Chris Wetherbee - Analyst
And just finally -- is there any implication to G&A or compensation -- executive compensation, going forward, as a result of the Baltic transaction? I'm assuming there is nothing that would change the structure at Genco, particularly, but I'm just curious.
John Wobensmith - CFO
There is nothing that would change the structure at Genco.
Operator
Scott Burk, Oppenheimer.
Scott Burk - Analyst
You talked about your acquisition criteria and your strong cash position. Do you have any identified acquisition opportunities for Genco, in particular, beyond the -- not the six at Baltic (inaudible).
John Wobensmith - CFO
Nothing that's firm, but as I said, we're in the mode of looking at a lot of things right now, and we'll have to see what happens, going forward.
Scott Burk - Analyst
And in terms of the size of that opportunity, what kind of -- how many ships could you actually purchase with the amount of cash you have? Would you be looking at two or three or would it just be kind of a one-at-a-time-type situation?
John Wobensmith - CFO
No, I think if you look at what Genco has done in the past, they have been larger transactions. And so I think there are many ways to get larger transactions. There are buying fleets of ships, there are buying companies, et cetera.
Scott Burk - Analyst
But in terms of financing for that, how would you approach the financing? Because that would obviously go beyond the cash balance you have.
John Wobensmith - CFO
Yes, I think -- look, the financing market is still tight, and I don't think you can do the large syndicated transactions that you were able to do two years ago.

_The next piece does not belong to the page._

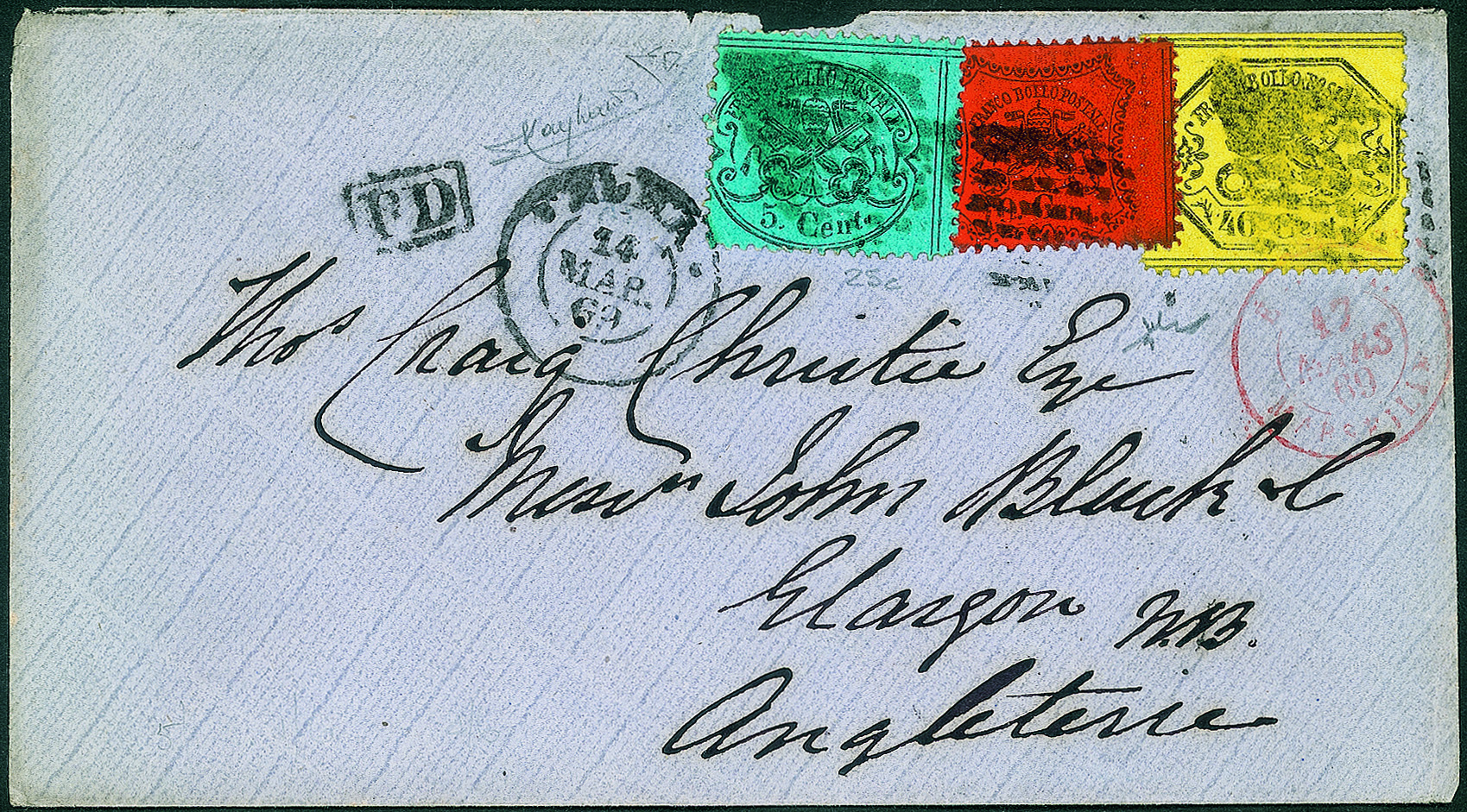 Antichi Stati Italiani - Stato pontificio - Affrancature tricolore per la Scozia su bustina da Roma 24 MAR.69

But, clearly, we -- you have to look at the S1 for Baltic and look at what we've done there on the financing side. Again, I don't want to get into too much detail on that. But financing is available for select companies.
Scott Burk - Analyst
Okay, and actually I did have a question regarding Genco's relationship to Baltic. What is the -- is there kind of a right of first refusal for Genco? In other words, when you have an acquisition opportunity that surfaces, who gets the first look at that acquisition -- Genco or Baltic?
John Wobensmith - CFO
Scott, this is just getting too much into Baltic. So I'm going to ask you just to look at the public filing and the S1, and all of that is detailed.
Scott Burk - Analyst
Okay, all right, thanks. I have not looked through that filing yet. Let me ask you this -- we've seen a bit of improvement in rates since the end of the Chinese New Year. Do you expect more upside going into iron ore -- before iron ore prices increase in April? Or what's the near-term outlook for day rates from your perspective?
John Wobensmith - CFO
Things are a little slow right now. I think -- well, look, we anticipate rates to pick back up. I think if you go back, and you look historically, this first quarter tends to be a little slower period for iron ore and usually picking up in the second quarter. I don't see any reason why we wouldn't see that again.
Operator
Daniel Burke, Clarkson Johnson Rice.
Daniel Burke - Analyst
I actually just had one question left. Looking at the orderbook, we've also been scrutinizing the role that options might be played. Any sense on what portion of the publicly reported orderbooks, as you guys look at them, might consist of options rather than true newbuild commitments?
John Wobensmith - CFO
I can't put a number on it. I think it's very difficult, and it's unfortunate, but it is. And you don't really figure this out until you get up to when the options were supposed to be exercised, and then they fall away. I think it's tough.
Daniel Burke - Analyst
Okay, John. Maybe one other way to parse it -- another way I can think of parsing it would be do you think it's more prevalent in the larger sizes or the small sizes, or is it even tough to look at it that way at this point?
John Wobensmith - CFO
I think it's across the board.
Operator
Ladies and gentlemen, that will conclude today's question-and-answer session and also will bring us to the conclusion of today's conference. We do thank you for your participation. Everyone please have a wonderful day.